__Data to process__:
=======

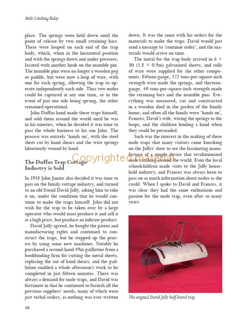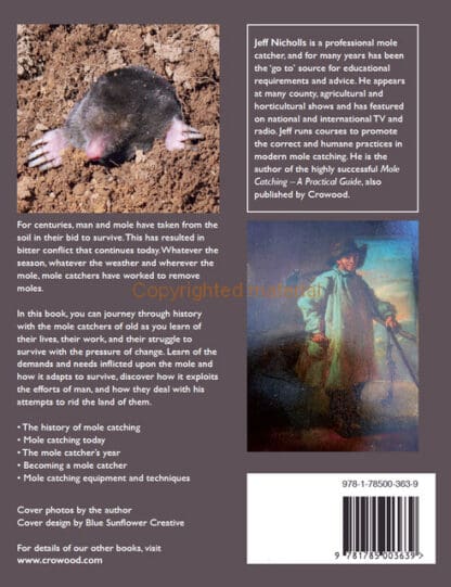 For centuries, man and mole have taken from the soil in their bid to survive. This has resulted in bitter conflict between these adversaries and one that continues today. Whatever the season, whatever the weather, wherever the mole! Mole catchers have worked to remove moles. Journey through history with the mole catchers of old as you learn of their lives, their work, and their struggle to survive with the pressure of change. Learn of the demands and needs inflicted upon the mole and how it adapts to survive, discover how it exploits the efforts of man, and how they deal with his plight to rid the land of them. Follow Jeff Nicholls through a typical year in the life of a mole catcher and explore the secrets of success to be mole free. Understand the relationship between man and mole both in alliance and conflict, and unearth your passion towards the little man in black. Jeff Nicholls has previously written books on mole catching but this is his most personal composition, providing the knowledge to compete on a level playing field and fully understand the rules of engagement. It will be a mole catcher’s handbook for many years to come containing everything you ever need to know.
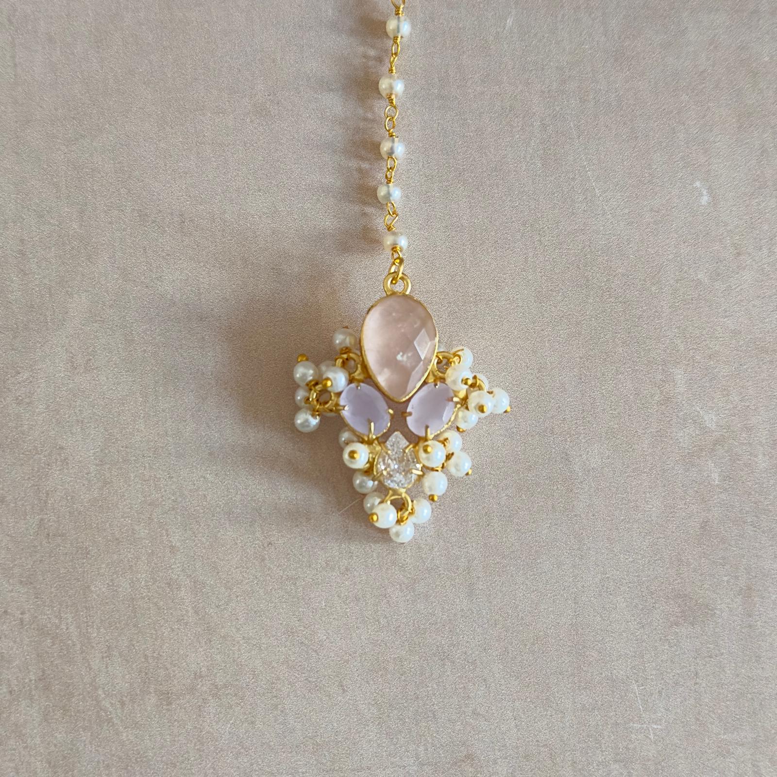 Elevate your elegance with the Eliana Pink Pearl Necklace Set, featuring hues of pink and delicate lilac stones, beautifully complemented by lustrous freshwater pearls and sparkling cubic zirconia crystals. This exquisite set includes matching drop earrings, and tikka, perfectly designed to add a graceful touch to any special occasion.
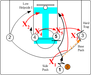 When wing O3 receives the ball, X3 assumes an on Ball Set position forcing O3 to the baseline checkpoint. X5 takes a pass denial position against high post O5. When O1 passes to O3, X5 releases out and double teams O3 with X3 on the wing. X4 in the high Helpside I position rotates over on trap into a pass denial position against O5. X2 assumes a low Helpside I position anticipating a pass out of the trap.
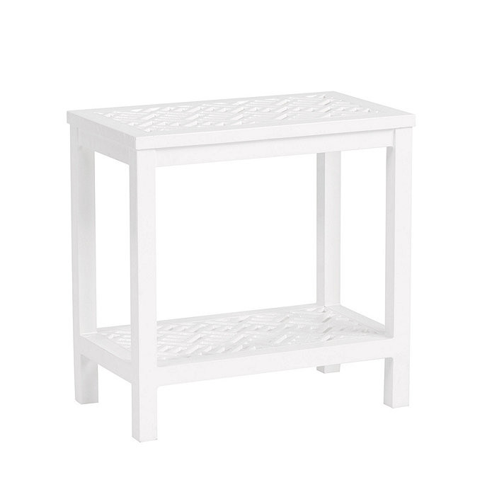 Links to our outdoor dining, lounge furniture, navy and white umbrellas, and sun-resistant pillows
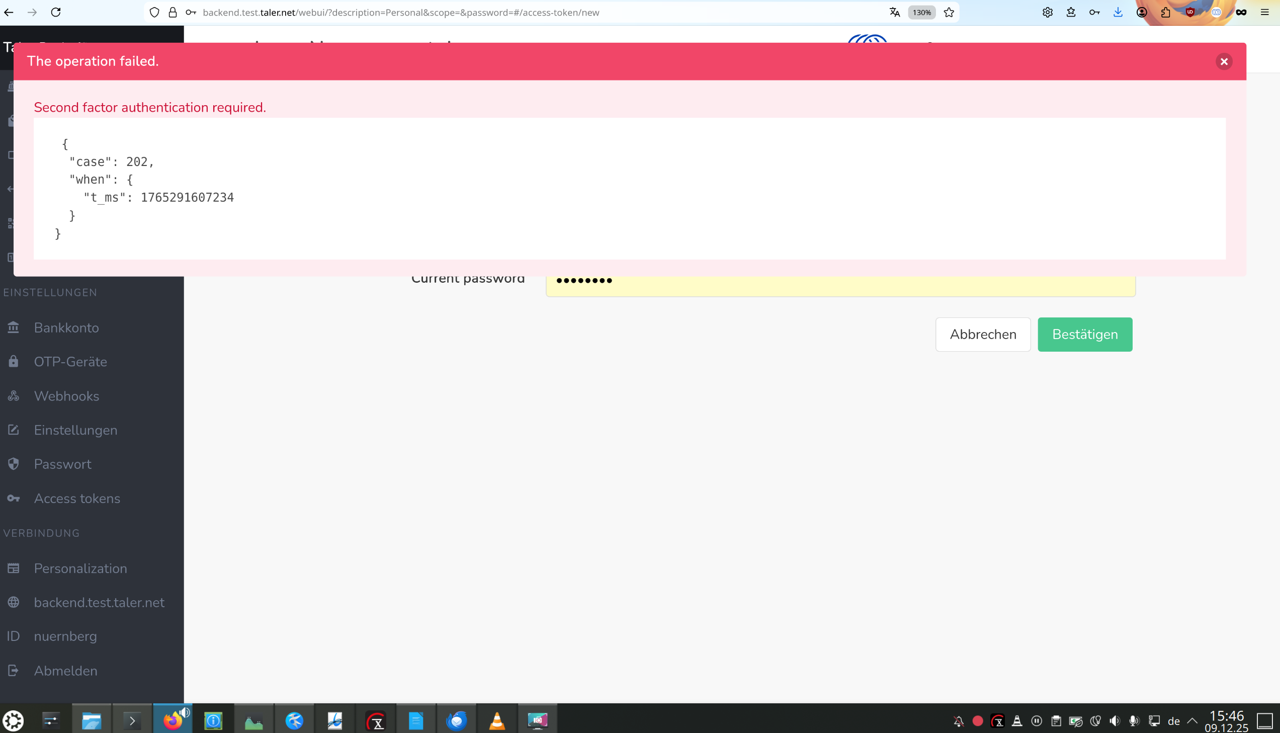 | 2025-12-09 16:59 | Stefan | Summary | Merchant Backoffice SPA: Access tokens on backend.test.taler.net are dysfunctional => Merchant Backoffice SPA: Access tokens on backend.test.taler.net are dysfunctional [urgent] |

=======

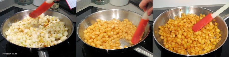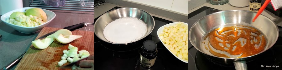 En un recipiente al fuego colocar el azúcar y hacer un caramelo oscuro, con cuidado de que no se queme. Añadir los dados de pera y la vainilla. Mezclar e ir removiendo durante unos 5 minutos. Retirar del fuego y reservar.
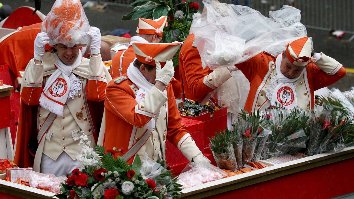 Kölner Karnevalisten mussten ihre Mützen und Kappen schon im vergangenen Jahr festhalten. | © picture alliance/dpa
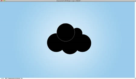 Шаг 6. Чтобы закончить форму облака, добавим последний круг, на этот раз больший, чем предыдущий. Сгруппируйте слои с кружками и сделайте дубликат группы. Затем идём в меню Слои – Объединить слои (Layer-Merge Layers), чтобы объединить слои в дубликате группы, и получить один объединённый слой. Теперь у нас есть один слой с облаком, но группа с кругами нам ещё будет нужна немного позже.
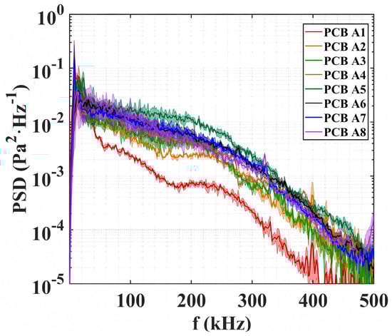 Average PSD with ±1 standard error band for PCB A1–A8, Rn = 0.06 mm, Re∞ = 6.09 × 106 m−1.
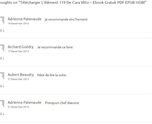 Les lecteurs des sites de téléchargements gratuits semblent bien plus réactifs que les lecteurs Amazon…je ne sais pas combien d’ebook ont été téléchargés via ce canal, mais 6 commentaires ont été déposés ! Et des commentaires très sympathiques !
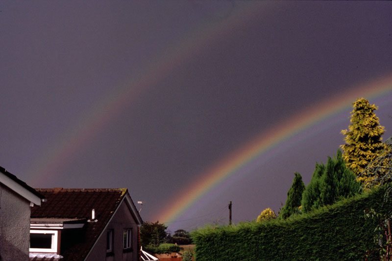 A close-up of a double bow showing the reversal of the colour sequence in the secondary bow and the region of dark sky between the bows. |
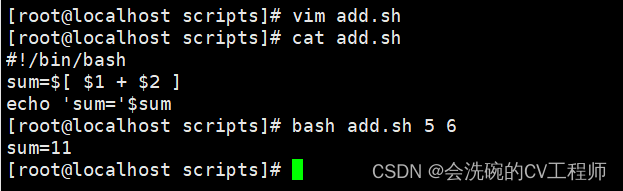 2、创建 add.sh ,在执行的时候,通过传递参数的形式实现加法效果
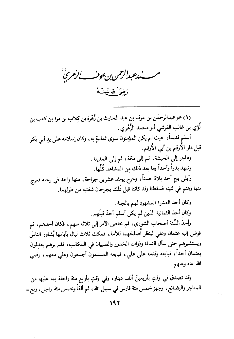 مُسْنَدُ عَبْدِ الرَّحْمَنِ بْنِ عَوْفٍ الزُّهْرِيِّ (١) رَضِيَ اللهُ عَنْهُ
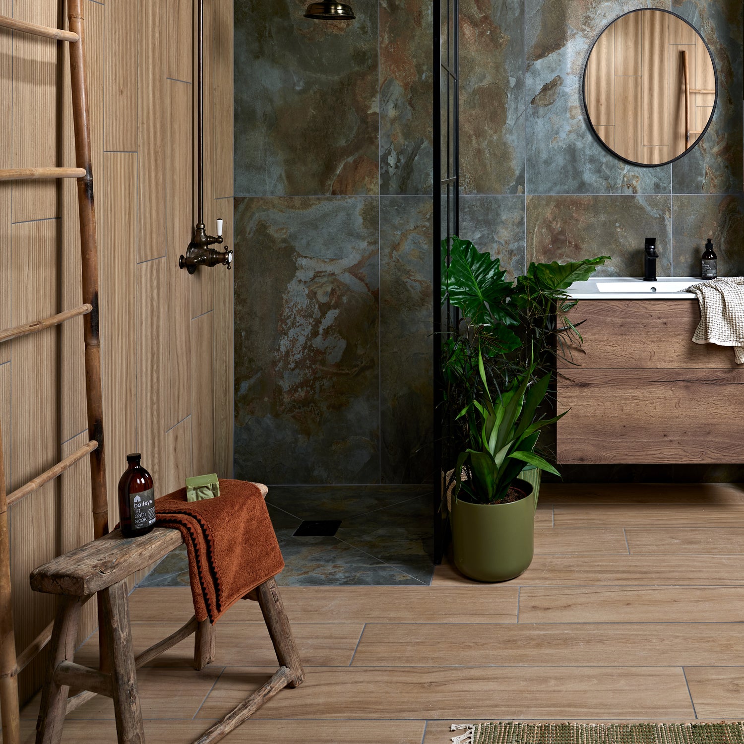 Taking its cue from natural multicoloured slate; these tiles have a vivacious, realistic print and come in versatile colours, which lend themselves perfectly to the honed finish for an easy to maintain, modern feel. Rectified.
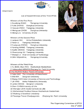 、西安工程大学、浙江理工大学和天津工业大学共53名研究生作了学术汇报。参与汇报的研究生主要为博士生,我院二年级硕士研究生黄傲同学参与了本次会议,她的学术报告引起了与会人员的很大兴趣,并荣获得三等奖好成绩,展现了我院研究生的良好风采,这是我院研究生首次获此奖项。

=======

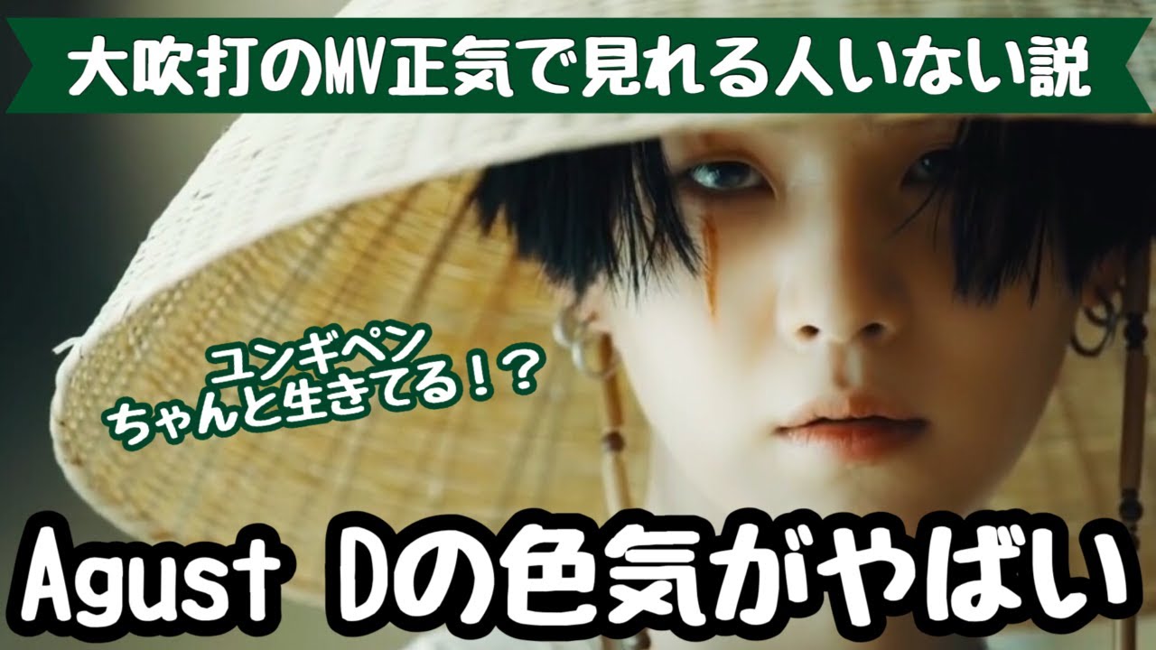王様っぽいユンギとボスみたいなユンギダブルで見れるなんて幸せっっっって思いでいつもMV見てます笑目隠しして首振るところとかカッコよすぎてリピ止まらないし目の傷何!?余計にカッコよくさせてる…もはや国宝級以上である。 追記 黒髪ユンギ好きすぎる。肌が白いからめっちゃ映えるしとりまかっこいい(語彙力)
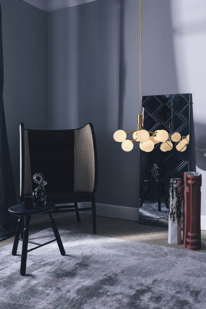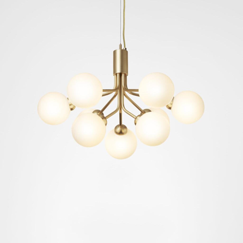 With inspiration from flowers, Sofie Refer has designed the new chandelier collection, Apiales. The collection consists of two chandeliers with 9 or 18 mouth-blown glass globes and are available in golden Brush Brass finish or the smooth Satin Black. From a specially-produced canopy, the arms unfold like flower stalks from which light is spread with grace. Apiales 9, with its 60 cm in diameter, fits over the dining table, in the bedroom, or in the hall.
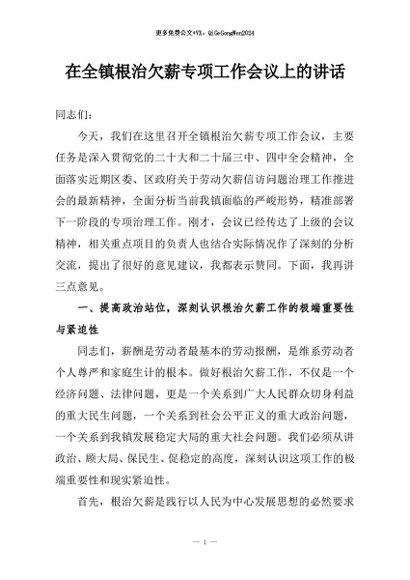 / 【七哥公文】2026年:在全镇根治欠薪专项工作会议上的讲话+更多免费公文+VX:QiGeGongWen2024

=======

__The problem__: In the listing above, find the line with "Elevate your elegance" and the line with "When wing O3". Set down both and every line between them, minus the pictures.

__Your solution__:
 Elevate your elegance with the Eliana Pink Pearl Necklace Set, featuring hues of pink and delicate lilac stones, beautifully complemented by lustrous freshwater pearls and sparkling cubic zirconia crystals. This exquisite set includes matching drop earrings, and tikka, perfectly designed to add a graceful touch to any special occasion.
 When wing O3 receives the ball, X3 assumes an on Ball Set position forcing O3 to the baseline checkpoint. X5 takes a pass denial position against high post O5. When O1 passes to O3, X5 releases out and double teams O3 with X3 on the wing. X4 in the high Helpside I position rotates over on trap into a pass denial position against O5. X2 assumes a low Helpside I position anticipating a pass out of the trap.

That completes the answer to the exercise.